Reach, relevance and resonance are the 3 R’s that let you know if an influencer has the pull you need to make collaborating with them worth it. Reach is pretty simple -- do they have the follower count needed to make the impact you want. But resonance and relevance are more difficult to discern. 

  • Relevance: Does an influencer’s content match your audience’s interests?
  • Resonance: Does relevant content go the extra mile and convert your audience? A lot of influencer content is relevant—your people will click on it—but very little of that content resonates to the point that they click through and become so interested that they take the action you want them to take, ideally signing up for your service or buying your product. Often this simply comes down to how convincing the influencer is, and how well they do their job of marketing your offerings. Anyone can post a pic holding your product … some influencers simply do this based on how much their audience is enthralled with them alone. 
The content produced as part of your social media influencer marketing campaign should be high quality and engaging

Match Your Metrics

Certain metrics can back up your influencer choices with hard data. 
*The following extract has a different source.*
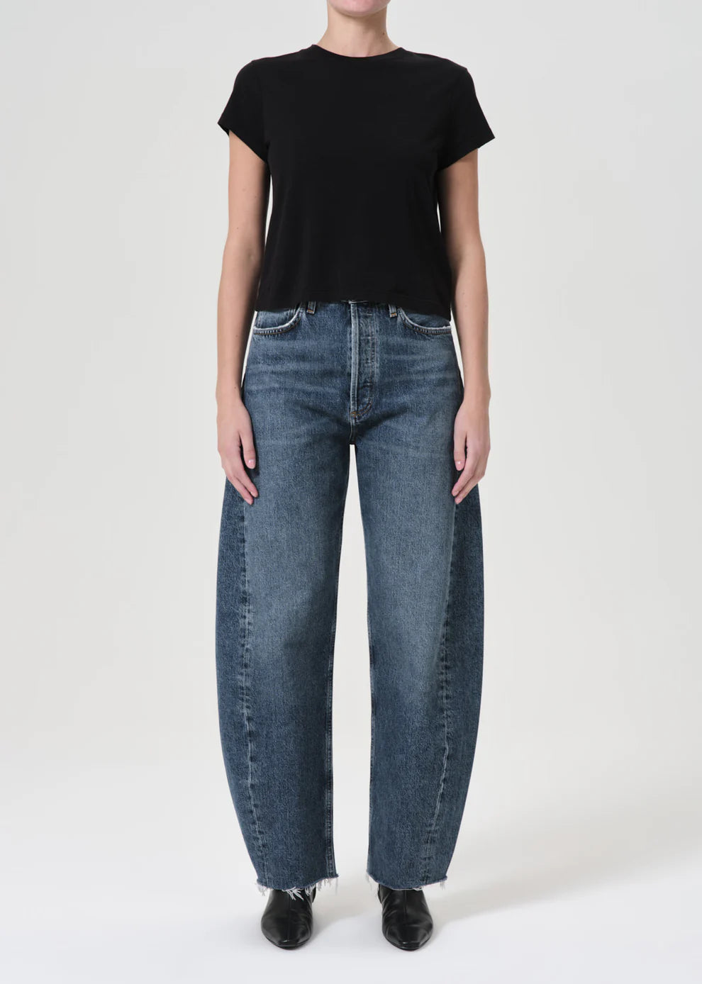 Inspired by two of Agolde's best-selling styles. Featuring a flattering high-rise waist with a close-fitting top block through the hips, an easy, classic straight leg finished with a cropped inseam.

  • Impressions: Do they get the eyeballs you need? You already know that reach is the number of people that see an influencer’s content, but that’s not the only important metric—what about impressions? This is the number of times that a particular influencer appears in a user’s feed. Keep in mind that people close apps before seeing everything fed into their feed, so impression numbers aren’t 100% accurate.
  • Engagement: This is what really matters because users are taking actual action. The low single digits are standard percentages of engagement, which mirrors conversion of every type across the web in general. Bigger influencers reach more people but have lower engagement, while micro-influencers reach less followers but convert more. 
  • Branded Content Frequency: If influencers post too much—just like getting hit by too many emails from one brand—engagement declines. People unfollow. They don’t want their feed filled with too much of any one type of content, which is understandable, so make sure to target influencers who keep their audience wanting. 
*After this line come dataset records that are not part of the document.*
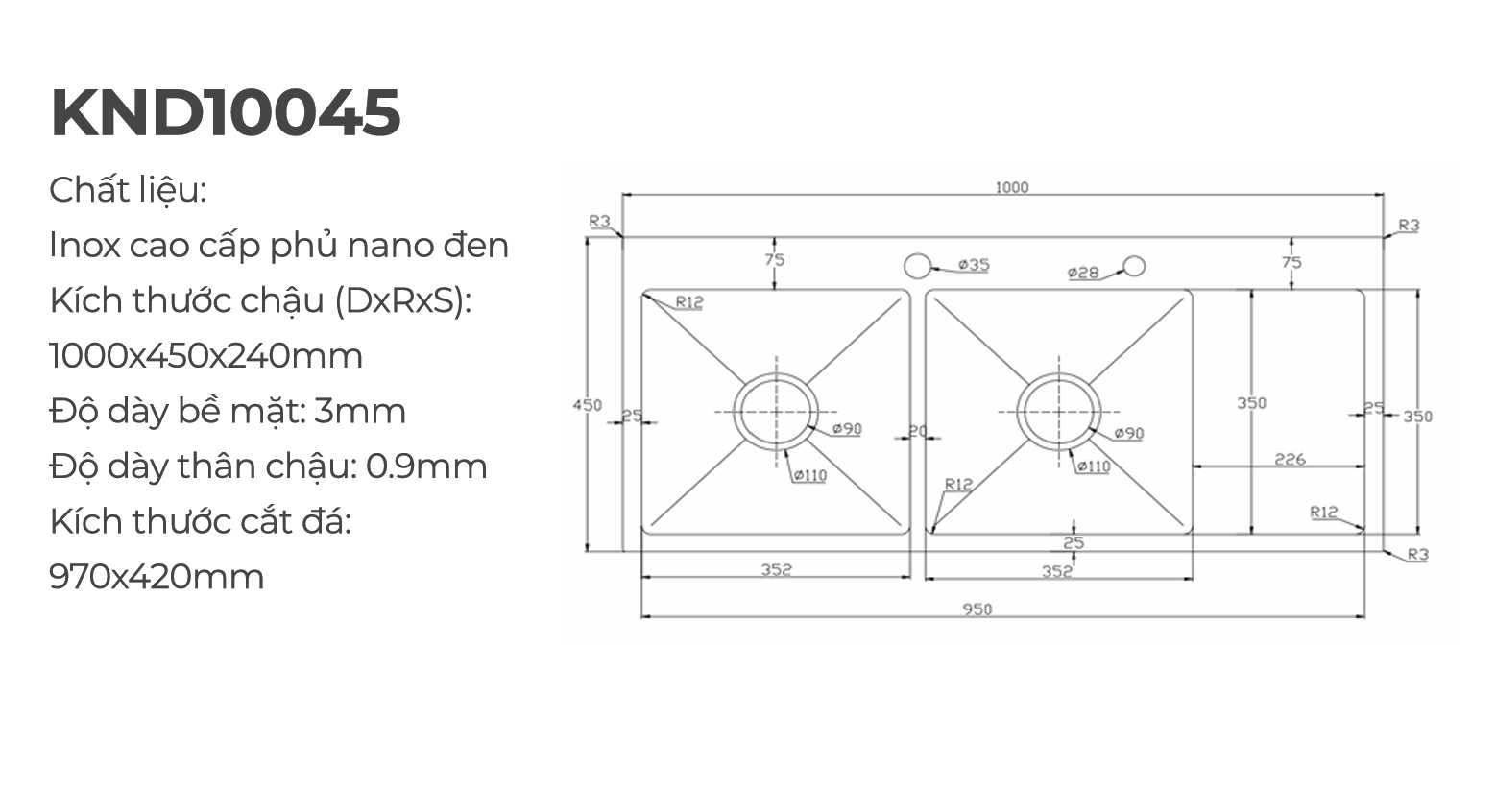 Kích thước cắt đá: 970 × 420 mm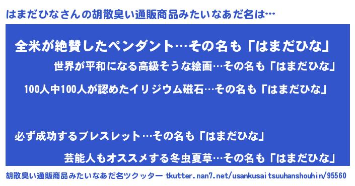 | 男性向けラノベタイトル風あだ名 | 『はたらくはまだひなさま!』 |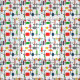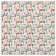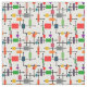 Este tecido tem um design moderno século médio de uma grande grade de linhas pretas horizontais e verticais com retângulos coloridos.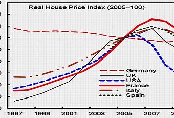 Esta gráfica del FMI nos muestra que la burbuja inmobiliaria iniciada en Estados Unidos a mediados de los años 90 tuvo sus "seguidores" europeos, especialmente Francia, Italia y el Reino Unido, que en menos de diez años duplicaron el precio de la vivienda. España permaneció acoplada al ritmo estadounidense y, al igual que los otros países, tardó más en poner el freno permaneciendo más tiempo en la inercia inflacionaria del ladrillo. Esto desmiente la tesis de que la burbuja inmobiliaria y la actual crisis crediticia era básicamente un producto estadounidense. Exceptuando a Alemania, toda Europa participó de la burbuja al tragarse el cuento de que la economía estaba rebosante de salud. Alemania fue el único país que se mantuvo alejada de la burbuja y es el único en el cual los precios de la vivienda no solo no se sumaron a la escalada alcista sino que incluso descendieron.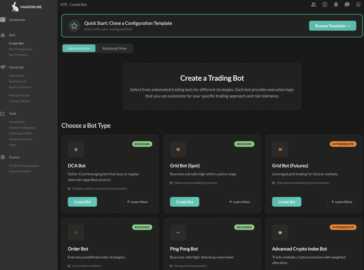 Deepest customization via HaasScript (visual + code editors) for market making, arbitrage, scalping, and proprietary logic. Built-in backtesting and paper trading suit advanced users and developers. Users get instant access to all features, including backtesting, paper trading, and live trading across 20+ exchanges.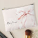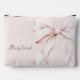 Il s'agit d'une pochette de maquillage personnalisée, élégante et élégante, avec un arrière - plan rose doux orné d'un grand et délicat ruban rose. Le design dégage un charme féminin et sophistiqué, parfait pour transporter vos produits cosmétiques et de beauté essentiels. La poche peut être customisée avec un nom, ce qui en fait un cadeau unique et réfléchi. Photo Arrière - plan par Freepik

Give a Little to Get a Lot

Your influencers don’t just support your business efforts, you need to support them back. Besides building a feedback loop of impressions and conversions, you should genuinely enjoy the influencers who promote your business. Showing your genuine interest is an easy way to engage yourself and become part of the community on any particular platform, whether it’s a niche or mainstream interest. 
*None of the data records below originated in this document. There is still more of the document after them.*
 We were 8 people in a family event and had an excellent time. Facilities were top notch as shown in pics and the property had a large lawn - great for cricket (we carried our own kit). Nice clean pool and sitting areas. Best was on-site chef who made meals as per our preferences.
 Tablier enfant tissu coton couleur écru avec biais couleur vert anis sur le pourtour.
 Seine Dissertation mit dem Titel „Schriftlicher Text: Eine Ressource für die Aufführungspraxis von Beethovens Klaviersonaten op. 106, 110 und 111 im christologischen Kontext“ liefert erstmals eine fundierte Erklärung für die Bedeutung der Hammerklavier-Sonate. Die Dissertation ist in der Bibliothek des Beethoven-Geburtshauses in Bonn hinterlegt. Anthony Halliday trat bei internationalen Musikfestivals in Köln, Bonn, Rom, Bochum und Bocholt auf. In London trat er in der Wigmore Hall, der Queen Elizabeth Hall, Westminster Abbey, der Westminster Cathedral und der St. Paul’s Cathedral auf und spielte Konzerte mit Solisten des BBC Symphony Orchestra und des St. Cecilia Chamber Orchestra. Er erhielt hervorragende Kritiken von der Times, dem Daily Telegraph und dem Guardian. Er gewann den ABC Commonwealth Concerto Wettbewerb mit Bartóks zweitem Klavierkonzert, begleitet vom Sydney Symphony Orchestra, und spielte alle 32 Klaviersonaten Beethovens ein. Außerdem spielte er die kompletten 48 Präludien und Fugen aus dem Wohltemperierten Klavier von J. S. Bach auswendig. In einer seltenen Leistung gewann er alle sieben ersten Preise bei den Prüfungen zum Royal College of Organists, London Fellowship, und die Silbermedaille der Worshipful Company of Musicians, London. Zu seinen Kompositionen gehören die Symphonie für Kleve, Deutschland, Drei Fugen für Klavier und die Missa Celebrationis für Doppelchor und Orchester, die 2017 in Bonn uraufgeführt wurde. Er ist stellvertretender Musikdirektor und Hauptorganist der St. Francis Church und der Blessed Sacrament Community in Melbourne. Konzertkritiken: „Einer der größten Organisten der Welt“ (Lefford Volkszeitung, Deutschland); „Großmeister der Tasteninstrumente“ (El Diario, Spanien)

What is Measured is Managed

No marketing campaign runs itself, and influencer campaigns are no different, meaning you need to measure them and tweak them to optimize results. Remember to track reach, engagement, and conversion to see where things are going right and wrong. If you’re reaching many people and they’re engaging but not converting once they hit your site, that’s on you. Time to tweak your offer. If influencers get your collaborative posts viewed, but nobody engages or clicks over to your site, consider working with a different influencer or changing your social content. 

Conclusion

Influencers are the present and future of social media marketing, people who have the authority to get their followers to take the actions businesses want. While barely five years old, 90% of marketers say influencers are effective at promotion and the vast majority of firms project increasing their spending percentage in the following years on influencers. The faster you tap into this form of promotion, the better equipped you’ll be to move with the wave as it grows and learn how to create a successful influencer marketing campaign.